In America, we have many choices and liberties, that make it a fantastic place to live.  This freedom enables us to always look for something “better”, which in the minds of most is newer and with the highest levels of technology.  Who doesn’t want that?  Unfortunately, the vast majority of newer places and buildings are located on the periphery of our cities, because open land is much easier to develop.  Therefore, the original inhabitants of sprawl, create more sprawl through the evolution toward newer, better models of homes, buildings, etc.

I have concluded that one component in the creation of sprawl is the ease in which new development can take place on greenfields.  In the inner city or even the “exurbs”, a developer has a much longer process for developing land.  There are issues with dealing with land constraints, demolition, environmental clean-ups, various neighbors and neighborhood groups, existing infrastructure, etc., etc., etc.  All of these issues make it extremely costly for a developer to do infill development to provide new technologically advanced features to homes.  You cannot blame the developer for doing what is easiest,which is building where land is plentiful, neighbors are few, and there is nothing to demolish or clean-up.

You cannot blame the future occupants of these developments (whether it is an office user, homeowner/renter, industry, retailer, etc.).  They choose the location-based on costs and where their market is.  If the consumer desires new construction or greater technological needs, that’s what is supplied.

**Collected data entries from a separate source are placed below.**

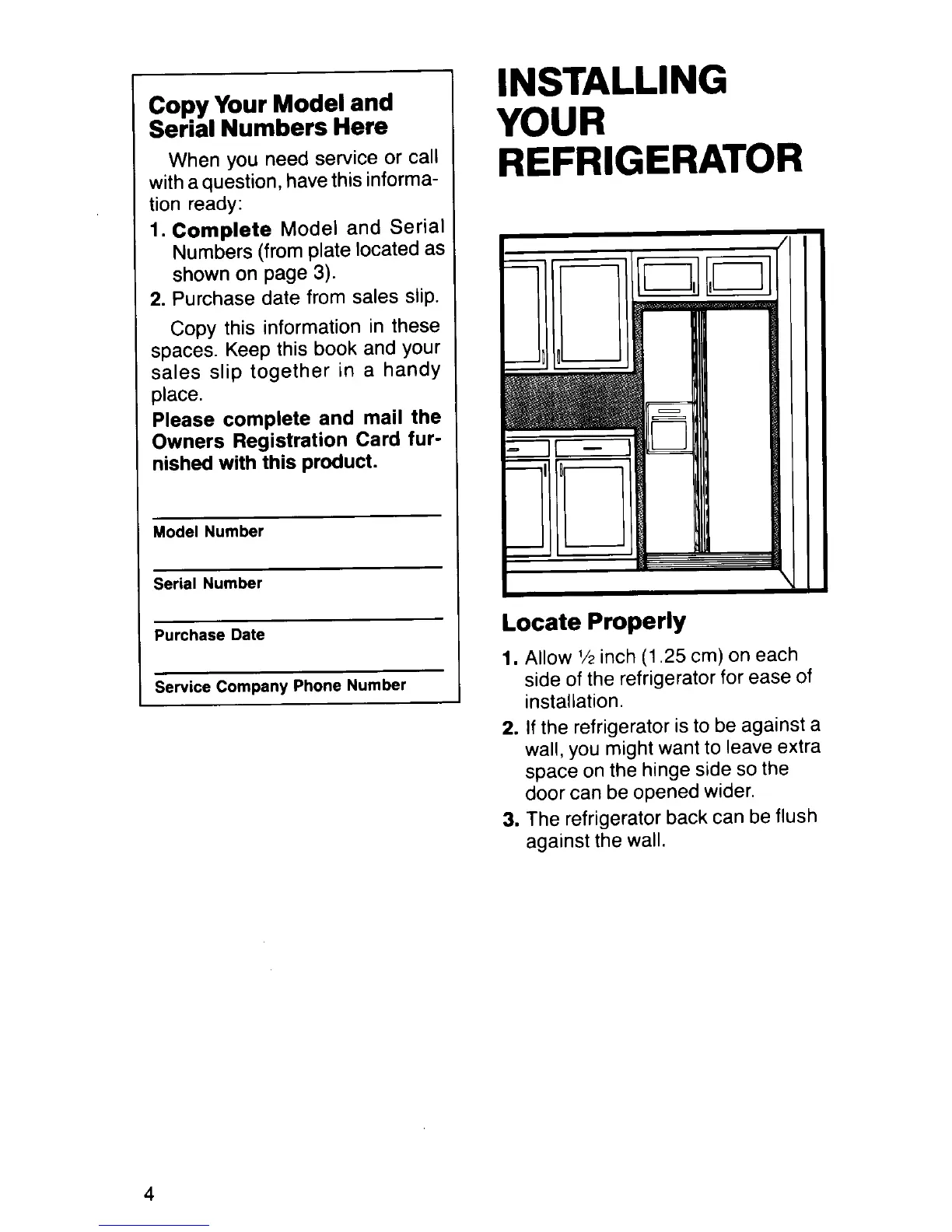 KitchenAid KSRF22D - INSTALLING YOUR REFRIGERATOR; Locate Properly
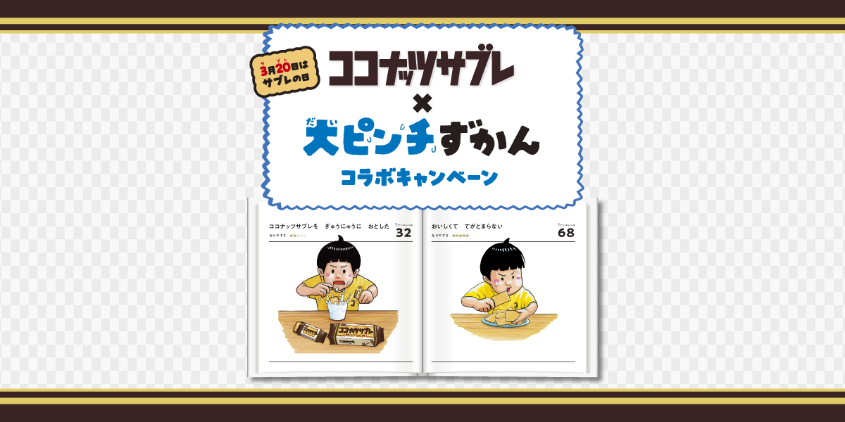 ココナッツサブレ|ココナッツサブレ×大ピンチずかんコラボキャンペーン|日清シスコ大ピンチずかんのオリジナルイラスト入りコップ&コースターセットを抽選で320名様にプレゼント!ココナッツサブレの購入レシートで簡単応募!www.coconut-sable.jp
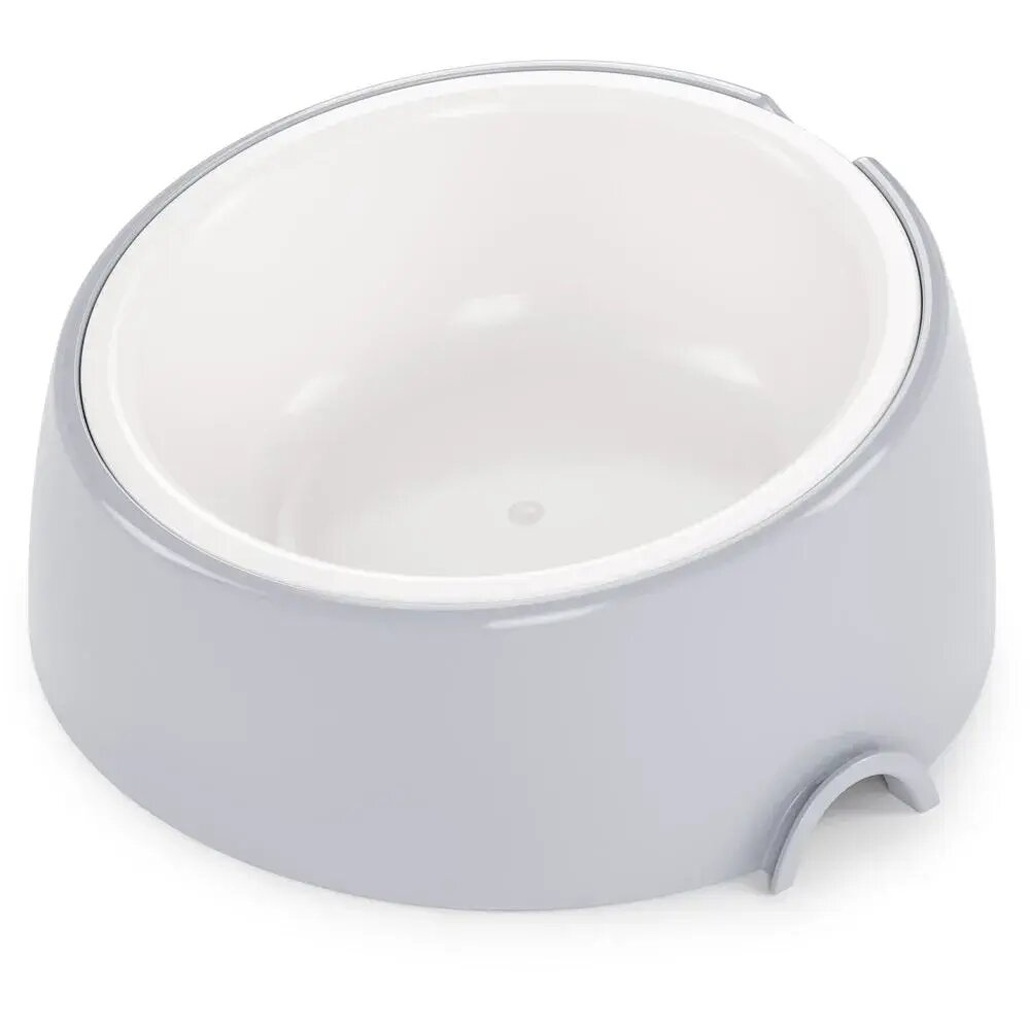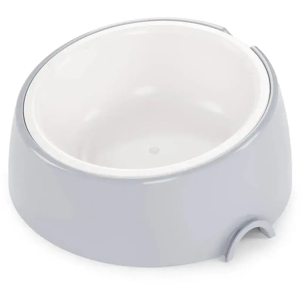 Миска изготовлена из безопасного пищевого пластика без острых краёв. Наклон 15° обеспечивает комфортное поглощение корма, а скруглённые края защищают усы питомца от повреждений. Серый цвет гармонирует с любым интерьером.
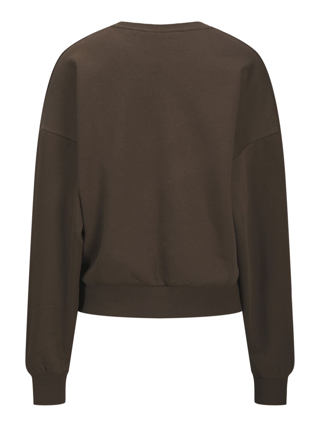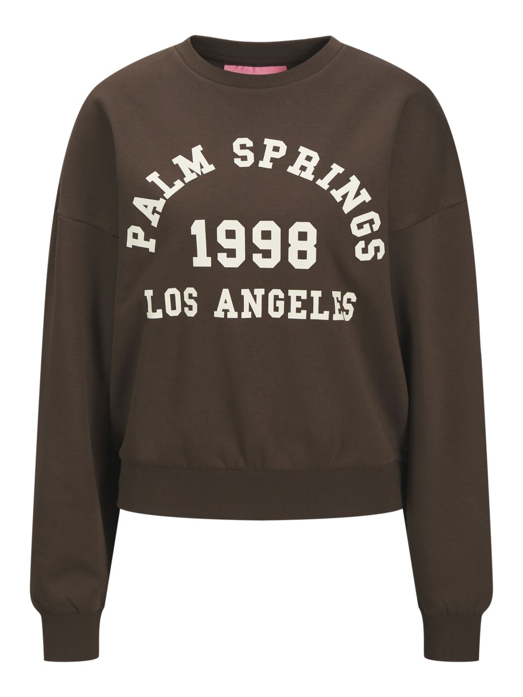 Brauner Sweatshirt von Jjxx mit lockerer Passform und rundem Halsausschnitt. Grafischer Druck auf der Vorderseite mit dem Text Palm Springs 1998 Los Angeles in kontrastierenden Farben.

So why is sprawl bad?  It spreads our infrastructure longer distances(roads, utilities, etc.) causing the necessary infrastructure to be that much greater (i.e. Interstate highways) and it serves much fewer people.  It creates an auto dependent environment where walking is no longer an optional method of getting from one place to another.  Walking is merely an exercise at this point, which most in the suburbs (due to long commutes, dining out, etc.) do not have the time or patience to do.  Have you noticed that obesity is on the rise?  Don’t think for a second that the correlation is merely a coincidence.  I could go on forever on the problems with sprawl, but not in this post, instead I’ll move on to how we fix this problem.  The following are some ideas that should be utilized collectively, not individually:

A. Incentives: Provide better incentives to infill, redevelopment in our cities.
B. Simplify Approval Process: We could use a simplified zoning process to decrease the amount of time required for approval (i.e. quantative form-based codes with shorter review periods).
C. Subsidies: We could provide other incentives such as subsidized energy, parking, or utilities.

D. Geographical Growth Restraints:  Limiting growth geographically is another solution.  Some cities have implemented this with great success (i.e. Portland, OR and Boulder, CO), some cities and towns are naturally limited by topography or other natural features (i.e. New York City and Deadwood, SD).  This can also have negative results in causing a much higher cost of living in the cities.  There is not a great solution to solving sprawl, but for me it was about education and experience.

I’m afraid I have only scratched the surface on what we can do and the point is that there are options available., The key is in the politics of the city and if your community is resistant to change, it is going to be that much more difficult. 

The light bulb went off for me while reading Suburban Nation (by Andres Duany, Liz Plater-Zyberk and Jeff Speck).  After I finished reading Suburban Nation, I did the calculations (See Quantifying the Effects of Suburban Living) of how much time I wasted in my car and how much money went into the gas and maintenance of that car, the results were mind-boggling.  And as a recovering suburbanite, I can tell you that time is critical and it is the one thing that you cannot have enough of.